## Problem details
Every line below from the one with "Dr. Reckeweg R184" through the one with "Nyomtatott dekorkarton - Ajándék" should be retyped exactly, both ends included; no other lines and no pictures.

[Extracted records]
_ _ _

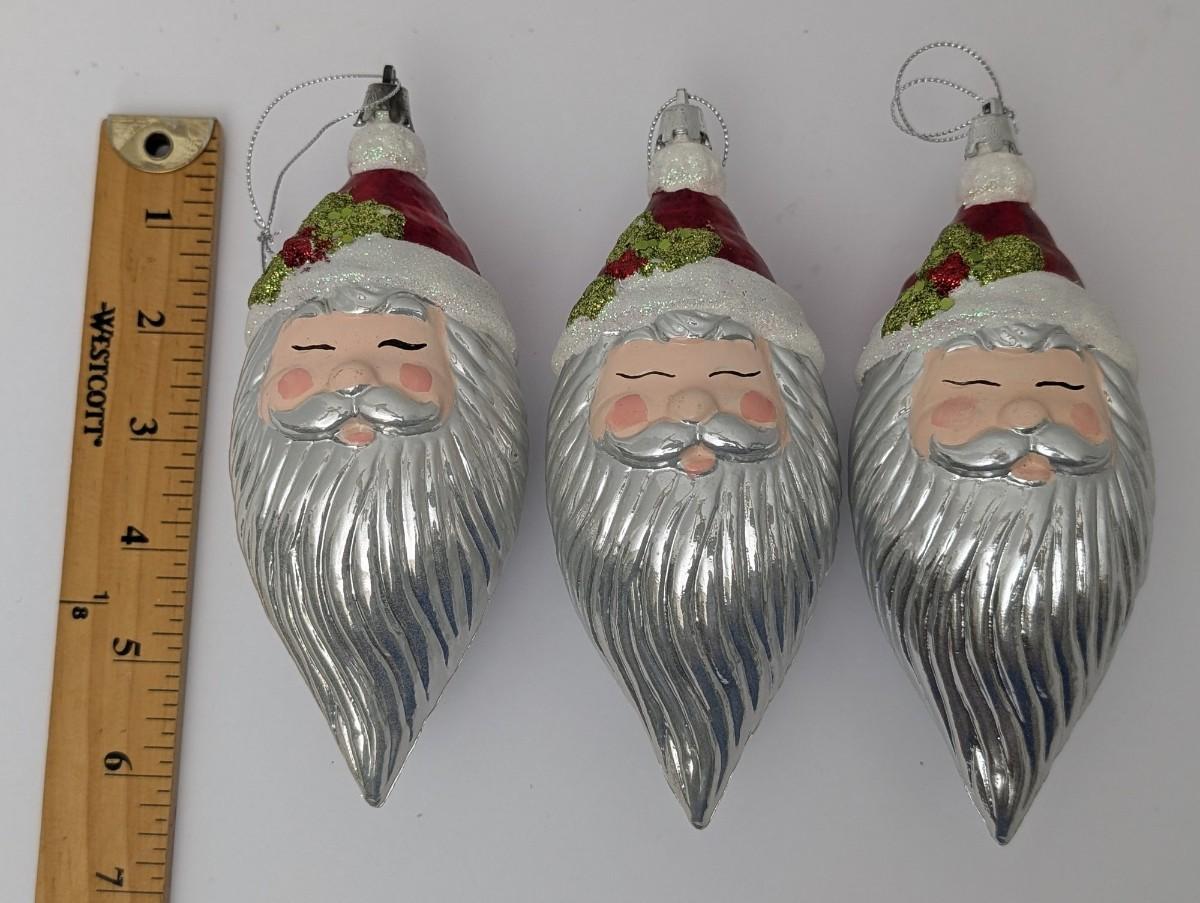This set of three plastic Santa head ornaments features a charming vintage inspired design with jolly faces framed by flowing silver beards and festive red hats accented with holly and glitter. Lightweight and durable these ornaments are perfect for decorating your Christmas tree without worry of breakage while still giving the look of classic glass ornaments. Their whimsical smiling faces add a cheerful holiday touch to any festive display.
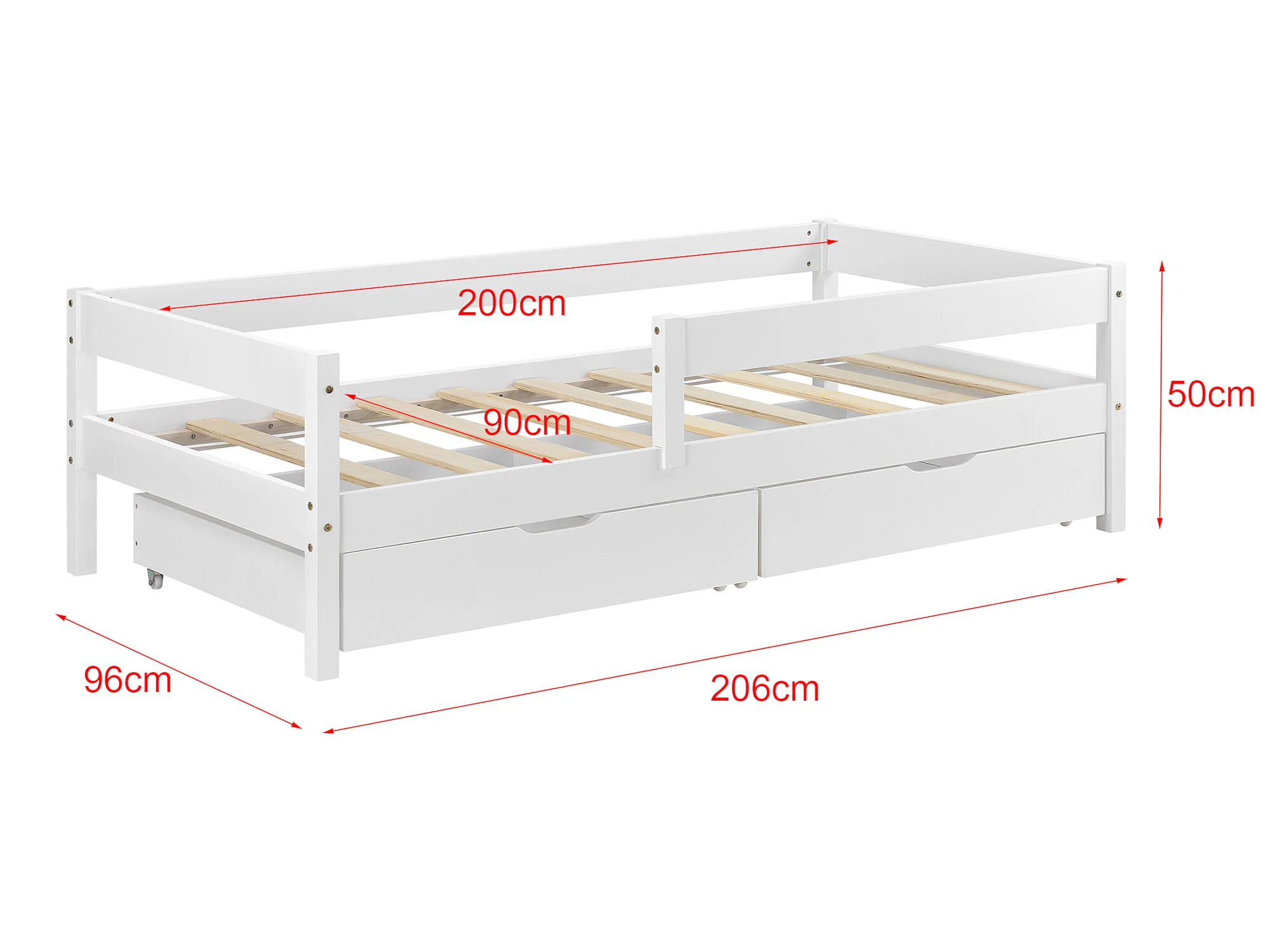 Lit D'enfant Design Avec 2 Tiroirs Borgarnes 90 X 200 Cm Blanc [en.casa]
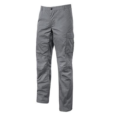 Pantalone da lavoro in tela di cotone elasticizzato. Due ampie tasche anteriori, una tasca posteriore. Tascone laterale multiuso su gamba sinistra e taschino su gamba destra. Chiusura con zip frontale e bottone antigraffio. Doppio tessuto di rinforzo sulle ginocchia e sulla parte posteriore. Vestibilit Slim-Fit. Composizione: 97% cotone, 3% spandex, 200 gr/m. Colore grigio, taglia L.
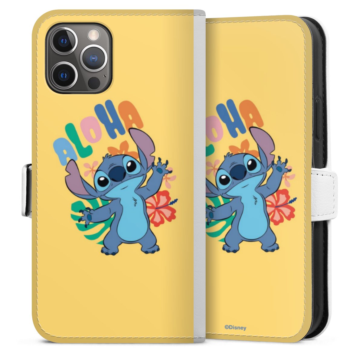 For our Sideflip Case we are using our advanced direct printing technology. The back and frontside are fully printabale, the inside of the phone bag is left unprinted. You can order the phone case without print, printed completely or also with a partial print.
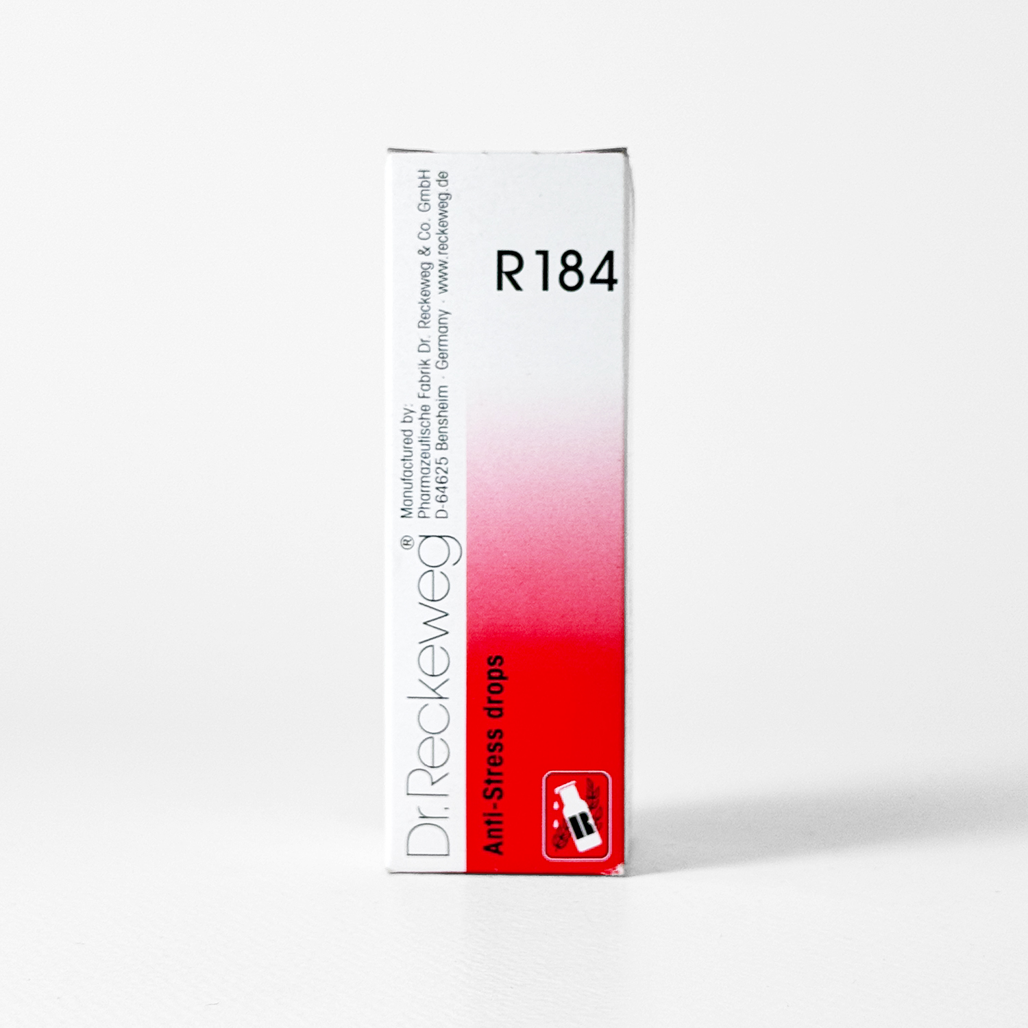 Dr. Reckeweg R184 Drops (Anti-Stress) is a homeopathic formulation intended to provide adjuvant support during stress, overwork, mental exhaustion, and temporary depressive states. The drops help calm nervous tension, reduce mental fatigue, and support emotional balance so the body and mind can recover from strain.
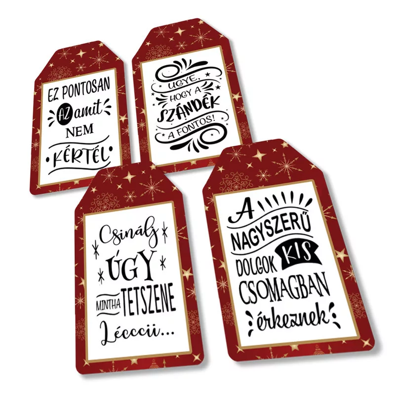 Nyomtatott dekorkarton - Ajándék kísérő táblák humoros 4db/csomag
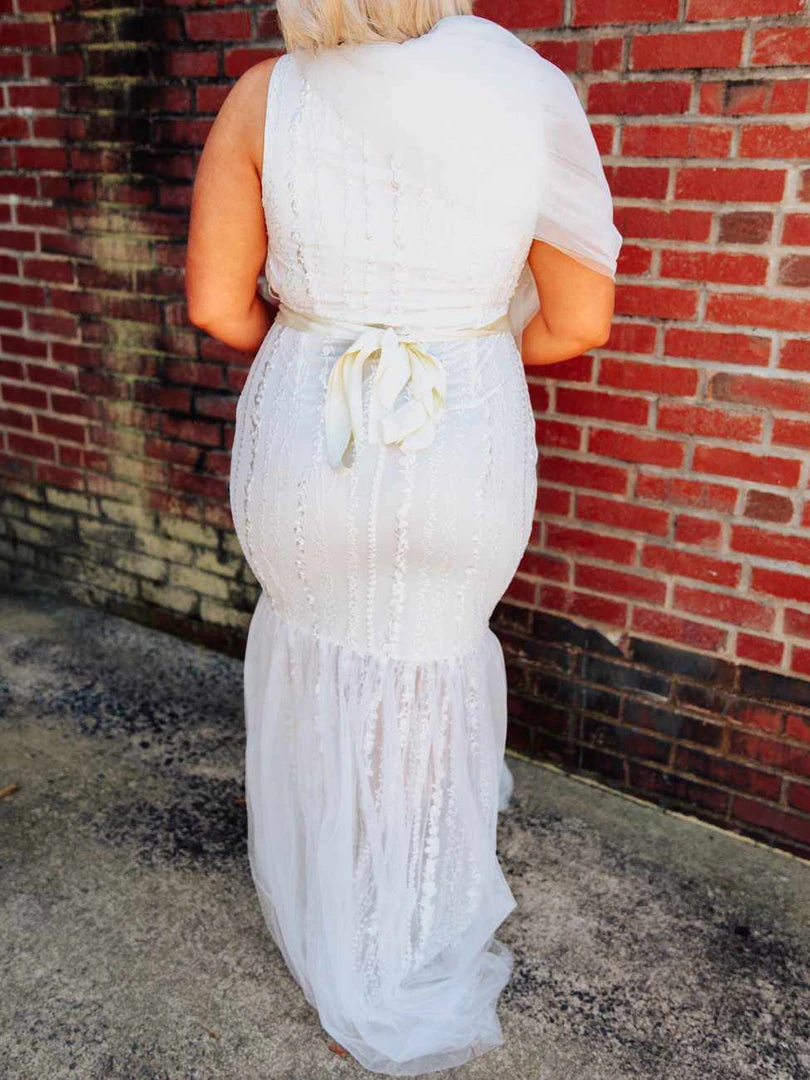 Stunning in every way imaginable, the Pure Beauty mermaid style dress features a beautiful sheath overlay with lace applique detailing for a vintage romantic vibe. Figure flattering with a zipper back. Perfect for your destination wedding. Pair it with a rhinestone belt to complete the look.
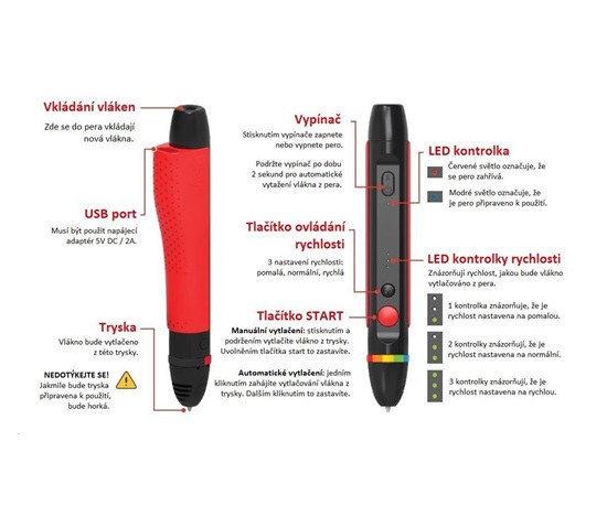 • Snadno použitelné ergonomické 3D pero pro praváky i leváky

_ _ _

## Expected output
 Dr. Reckeweg R184 Drops (Anti-Stress) is a homeopathic formulation intended to provide adjuvant support during stress, overwork, mental exhaustion, and temporary depressive states. The drops help calm nervous tension, reduce mental fatigue, and support emotional balance so the body and mind can recover from strain.
 Nyomtatott dekorkarton - Ajándék kísérő táblák humoros 4db/csomag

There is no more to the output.